To newer users, accepted answers on meta appear to be the correct answer, and they might believe that it marks the policy that the community has decided to go with.
Accepted answers give the appearance that the matter is closed and no longer up for discussion.
I'm a relative newbie, but have been around and very active for the last 4 months. I very much doubt I was alone in not understanding that accepted answers are generally meaningless on Meta.
For one example of this, in the topic of What's the difference between FortressCraft and Minecraft? Who cares?, the community seems to have yet to reach much of a consensus, but an answer is already marked as accepted. As mentioned above, I think this makes that position seem "official" to newer users who don't know better, and discourages them from participating in a discussion that already seems to be closed.

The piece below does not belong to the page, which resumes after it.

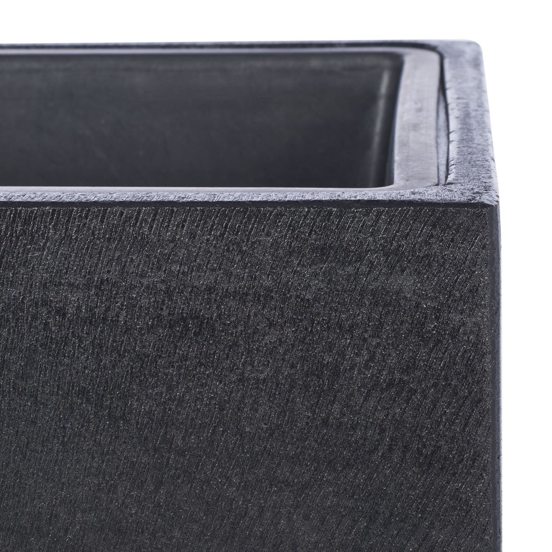 Elevate your outdoor or indoor living space with a sculptural planter that blends minimalist modern design and rugged durability. The Larlen Planter's clean cubist silhouette and deep black stone finish create a striking contrast with lush greenery, making it an elegant focal point for patios, terraces, entryways, or contemporary interiors.

My original request was that I would like to see the ability to accept an answer removed from Meta, but I was very quickly convinced that this was too harsh an approach. If, as indicated, it accepted answers truly mean nothing, I'd like to see them not bubble to the top of the sort order. All it does is serve create confusion and bias.
Update: My example question was kind of bad, since it was originally opened in September 2011 and just now came up for additional discussion. So I don't mean to imply that the asker is doing anything tricky to support his position. But the principle holds.